Starting at the line that contains "Comissão discute estruturação", write out every line through the end of the records below exactly as it appears, and leave out all pictures.

● ● ● ● ●

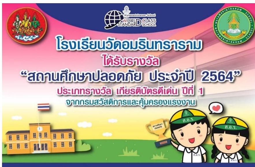
รางวัล “สถานศึกษาปลอดภัย ประจำปี 2564” รางวัล เกียรติบัตรดีเด่น ปีที่ 1
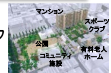
岡山市: 出石小学校跡地整備事業

○廃校跡地等、低未利用の公的不動産の有効活用等について、民間の資金・ノウハウを活用するPPP/PFIの導入を促進
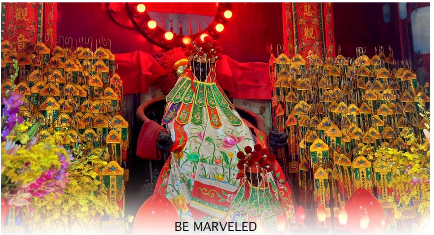
BE MARVELED วัดเจ้าแม่กวนอิมฮวงอ้า (ยิมฮิน)

ให้เดินทางกลับไปกราบไหว้ และขอบคุณเจ้าแม่กวนอิมอีกครั้ง โดยเตรียมชุดไหว้และกระดาษาเงินกระดาษาทองที่เป็นเหมือนเงินที่เรานำมาคืน เป็นการไหว้เพื่อคืนเงินเจ้าแม่กวนอิมนั่นเอง
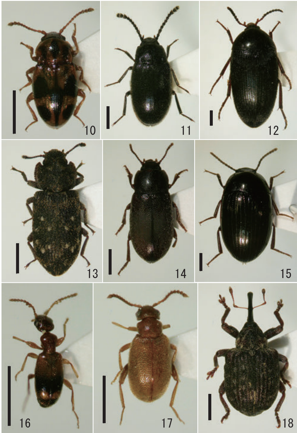
図 1. 山口県で採集した甲虫類 (2)

10. イツホシテントウダマシ； 11. クロコキノコムシダマシ； 12. カツオガタナガクチキ； 13. ホソマダラホソカタムシ； 14. ホソハマベゴミムシダマシ； 15. マルツヤニジゴミムシダマシ； 16. ヒゲブトホソアリモドキ； 17. ニセクビボソムシの一種； 18. タマゾウムシの一種 ※スケールは 1mm.
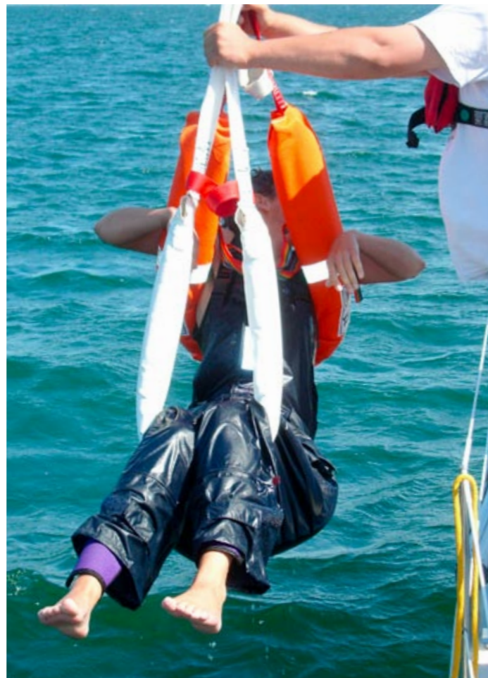
Rettungsmittel gehören an Bord, keine Frage – aber man muss den Einsatz üben, um im Notfall schnell reagieren zu können

Insgesamt stellt der FSR den Skippern ein gutes Zeugnis aus: „Die Skipper nehmen ihre Verantwortung ernst. Es hat sich bewährt, auf Selbstverantwortung statt auf gesetzliche Vorschriften zu setzen.
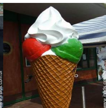
atividades de verão nas proximidades
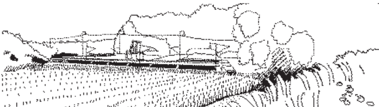
Train express régional ou train à grande vitesse ? Dessin de Claire Brenot.
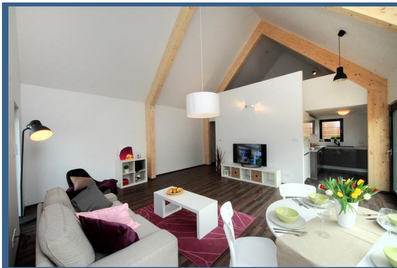
Interiér inteligentního domu
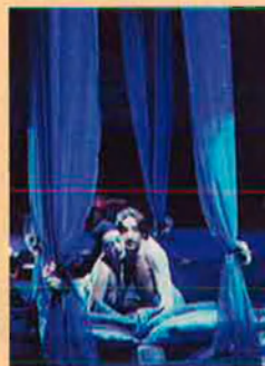
La bella Helena , 1973.

1981. El muntatge d' Operació Ubú , dirigit per Boadella, esdevé polèmic per la sàtira evident envers la figura de Jordi Pujol.
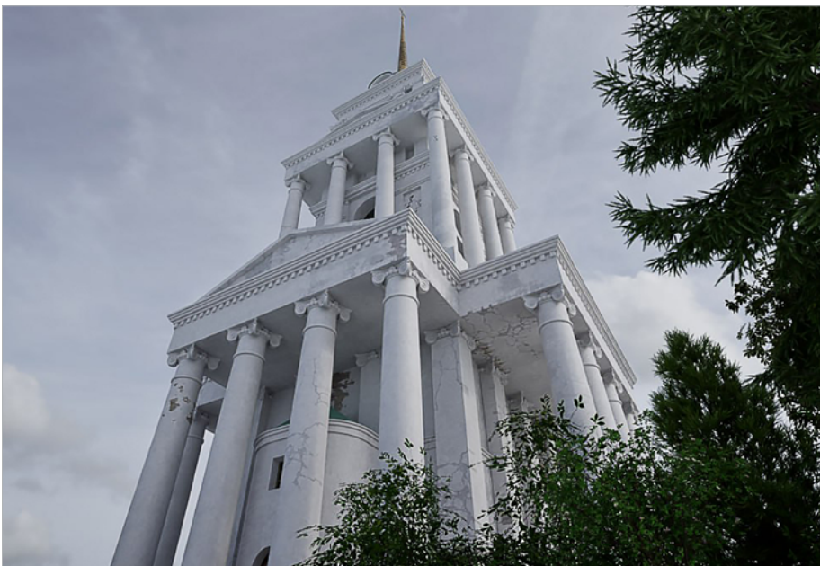
Архітектурні деталі втраченої дзвіниці: колони, фронтони та ярусна структура у 3D-відтворенні

3D-модель дзвіниці можна переглянути тут: https://hlukhivspadok.gnpu.edu.ua/3d-modeli/dzvinyczya-spaso-preobrazhenskoyi-czerkvy-3d-model/
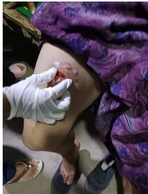
စစ်ကောင်စီ၏လက်နက်ကြီးကြောင့်ဒဏ်ရာရသောအမျိုးသမီး

စက်တင်ဘာလ ၁၇ ရက်တွင် မူဆယ်မြို့နယ် တောင်ဘက်စွန်း ဝိန်းနန်းကျေးရွာတောင်ဘက်တွင် စစ်ကောင်စီတပ်နှင့် TNLA တို့တိုက်ပွဲများစတင်ဖြစ်ပွားခဲ့သည်။
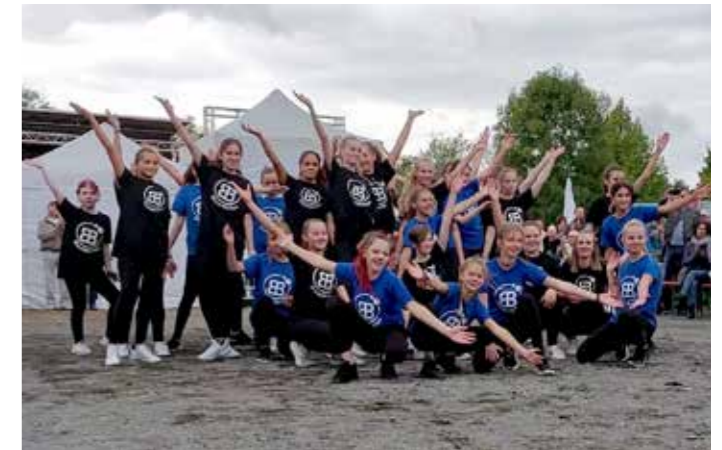
Blue- & BlackBerries beim FedZ
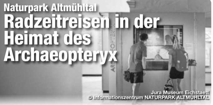
Jura Museum Eichstaett

Noch mehr auf TreffpunktDeutschland.de QR-Code scannen und ganz Deutschland entdecken!
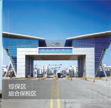
综保区 綜合保稅区
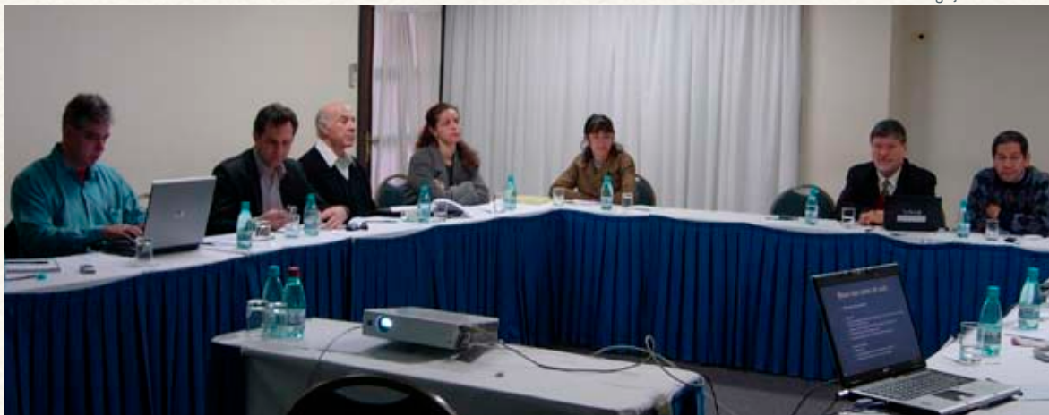
Comissão discute estruturação acadêmica da UNILA
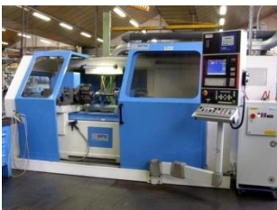
Rénovation et numérisation de vieilles machines

● ● ● ● ●

• **Solution for this problem**
Comissão discute estruturação acadêmica da UNILA
Rénovation et numérisation de vieilles machines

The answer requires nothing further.